*** Block opens ***
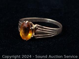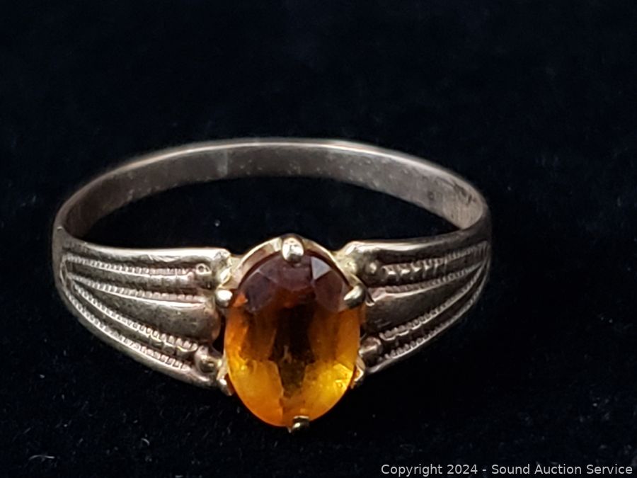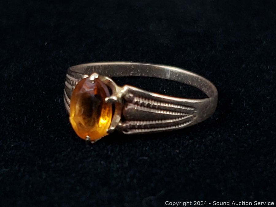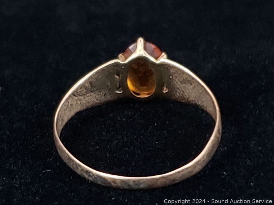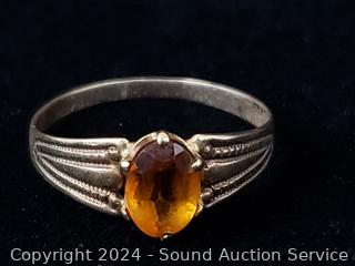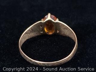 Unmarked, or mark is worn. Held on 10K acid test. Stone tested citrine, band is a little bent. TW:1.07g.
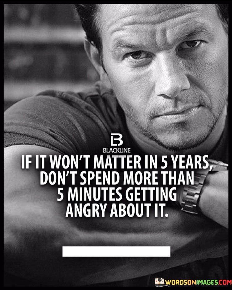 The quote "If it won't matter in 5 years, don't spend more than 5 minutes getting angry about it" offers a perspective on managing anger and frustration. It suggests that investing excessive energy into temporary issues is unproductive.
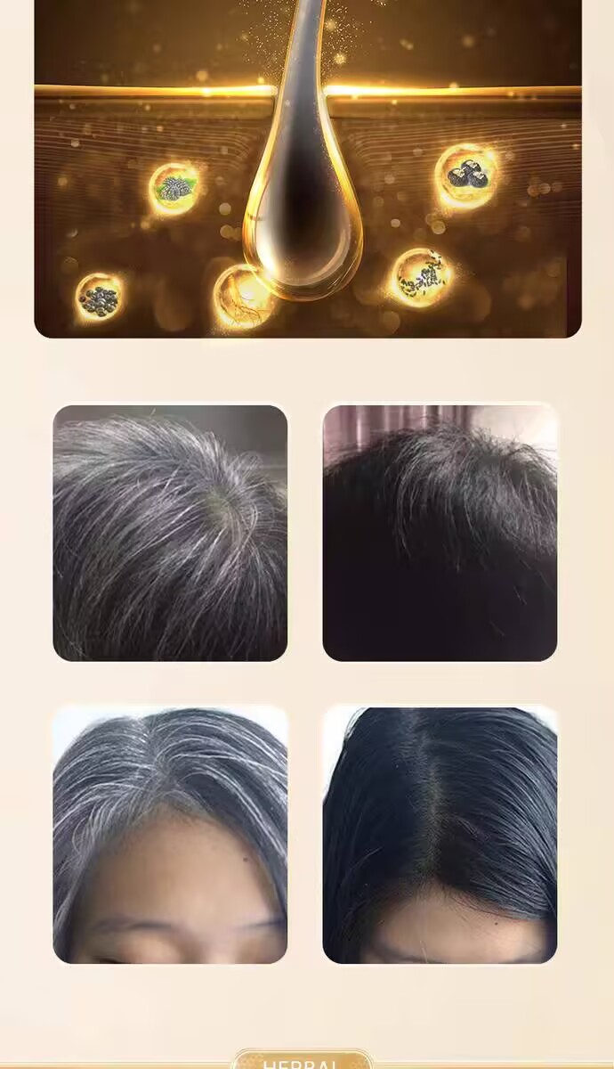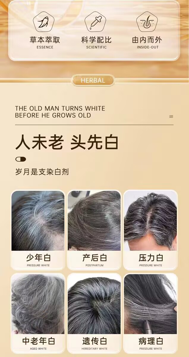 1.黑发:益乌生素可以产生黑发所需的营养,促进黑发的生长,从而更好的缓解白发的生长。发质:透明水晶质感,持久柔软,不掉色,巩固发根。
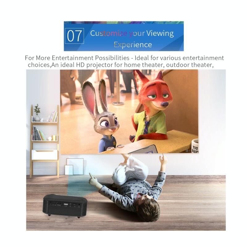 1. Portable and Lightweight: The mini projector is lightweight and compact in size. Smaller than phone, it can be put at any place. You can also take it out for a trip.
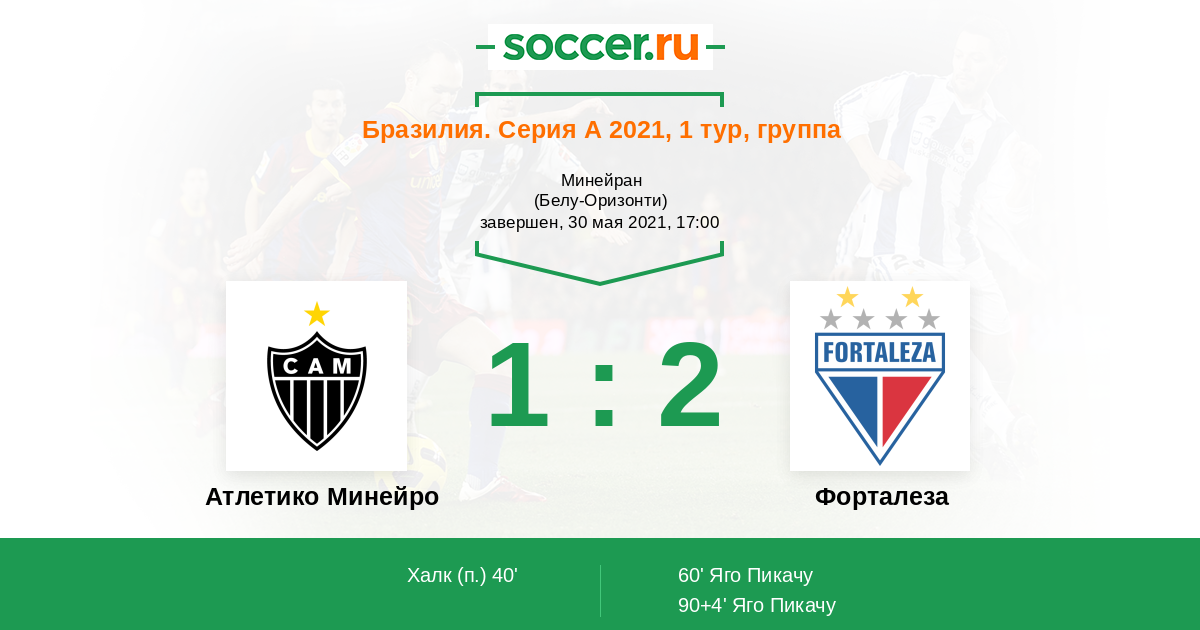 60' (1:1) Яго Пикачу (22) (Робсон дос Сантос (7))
*** Block closes ***
*** Block opens ***
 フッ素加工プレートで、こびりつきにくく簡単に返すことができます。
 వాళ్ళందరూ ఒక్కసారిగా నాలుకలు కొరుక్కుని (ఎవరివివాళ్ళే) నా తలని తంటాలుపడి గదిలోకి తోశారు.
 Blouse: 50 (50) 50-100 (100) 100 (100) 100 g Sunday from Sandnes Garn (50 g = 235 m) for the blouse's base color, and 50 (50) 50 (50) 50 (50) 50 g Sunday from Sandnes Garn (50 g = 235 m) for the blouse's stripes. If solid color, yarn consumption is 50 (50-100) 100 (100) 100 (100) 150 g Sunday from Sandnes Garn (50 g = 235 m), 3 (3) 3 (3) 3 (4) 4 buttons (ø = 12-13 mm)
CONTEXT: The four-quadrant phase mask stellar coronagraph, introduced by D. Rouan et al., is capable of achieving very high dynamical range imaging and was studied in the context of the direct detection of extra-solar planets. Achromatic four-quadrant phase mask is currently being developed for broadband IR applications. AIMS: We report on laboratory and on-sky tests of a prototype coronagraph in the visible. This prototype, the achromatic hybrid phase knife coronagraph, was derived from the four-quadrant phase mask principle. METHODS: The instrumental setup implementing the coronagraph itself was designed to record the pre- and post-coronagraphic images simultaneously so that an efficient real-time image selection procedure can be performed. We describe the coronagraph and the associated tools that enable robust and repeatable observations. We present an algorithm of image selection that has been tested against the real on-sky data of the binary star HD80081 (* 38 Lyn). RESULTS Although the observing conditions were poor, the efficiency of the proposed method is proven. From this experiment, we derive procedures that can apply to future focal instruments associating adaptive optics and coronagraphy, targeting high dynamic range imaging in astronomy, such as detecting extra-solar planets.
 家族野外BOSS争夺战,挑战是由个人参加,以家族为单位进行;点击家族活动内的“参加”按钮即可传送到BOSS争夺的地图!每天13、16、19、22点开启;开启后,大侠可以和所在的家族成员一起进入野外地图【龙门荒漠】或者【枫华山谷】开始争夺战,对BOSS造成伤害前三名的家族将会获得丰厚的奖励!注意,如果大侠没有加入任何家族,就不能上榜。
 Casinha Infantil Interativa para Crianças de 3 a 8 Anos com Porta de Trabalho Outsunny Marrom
*** Block closes ***
*** Block opens ***
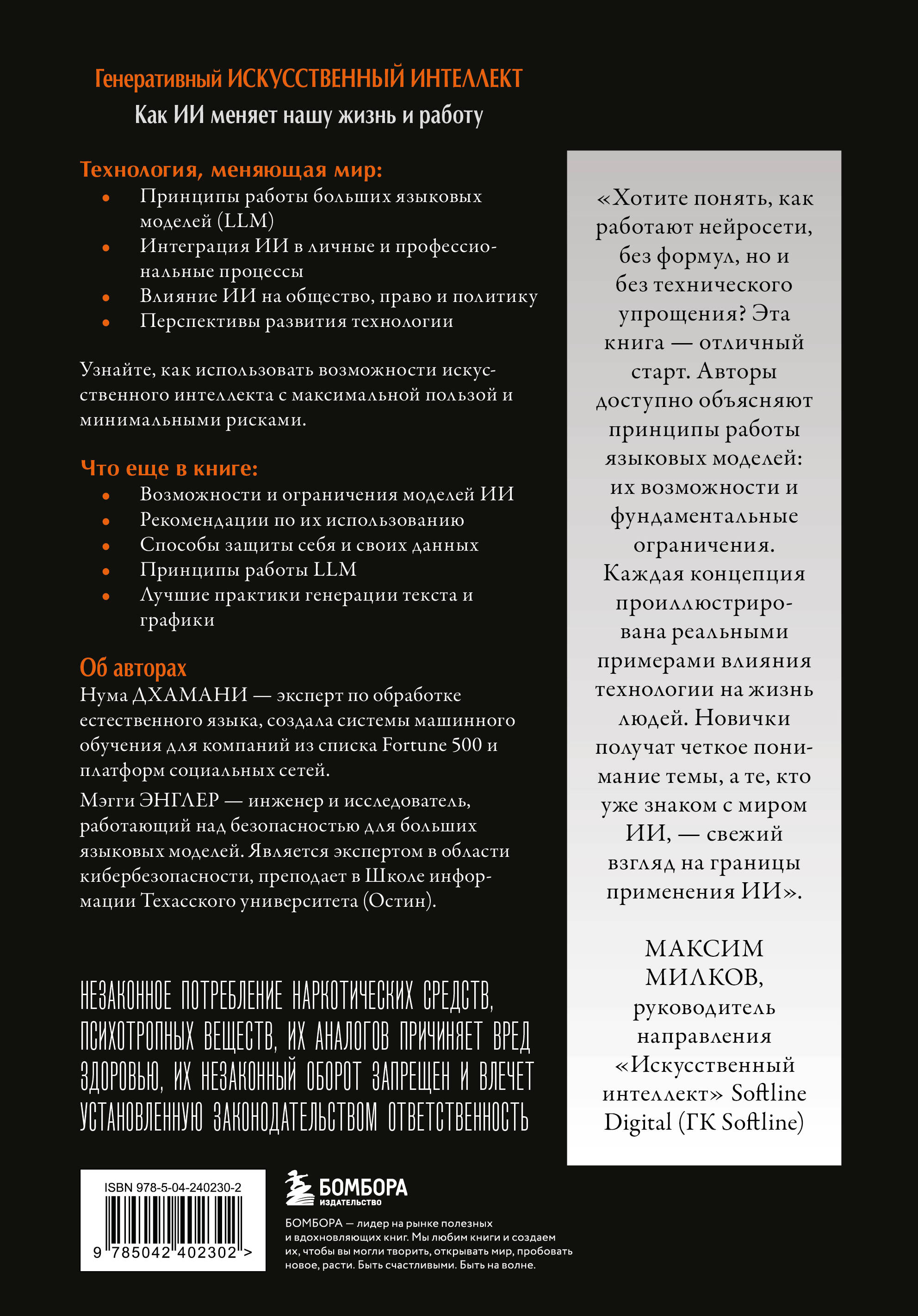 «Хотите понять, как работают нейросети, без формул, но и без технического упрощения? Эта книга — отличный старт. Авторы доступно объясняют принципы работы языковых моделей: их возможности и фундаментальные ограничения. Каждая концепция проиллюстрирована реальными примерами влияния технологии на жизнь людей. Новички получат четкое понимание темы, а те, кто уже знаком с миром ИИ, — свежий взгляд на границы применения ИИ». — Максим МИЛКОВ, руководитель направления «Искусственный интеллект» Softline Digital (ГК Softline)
*** Block closes ***
§ **Action item**
The expected output is exactly the lines of the listing above between the line holding "フッ素加工プレートで、こびりつきにくく簡単に返すことができます。" and the line holding "వాళ్ళందరూ ఒక్కసారిగా నాలుకలు", inclusive.

§ **Answer below**
 フッ素加工プレートで、こびりつきにくく簡単に返すことができます。
 వాళ్ళందరూ ఒక్కసారిగా నాలుకలు కొరుక్కుని (ఎవరివివాళ్ళే) నా తలని తంటాలుపడి గదిలోకి తోశారు.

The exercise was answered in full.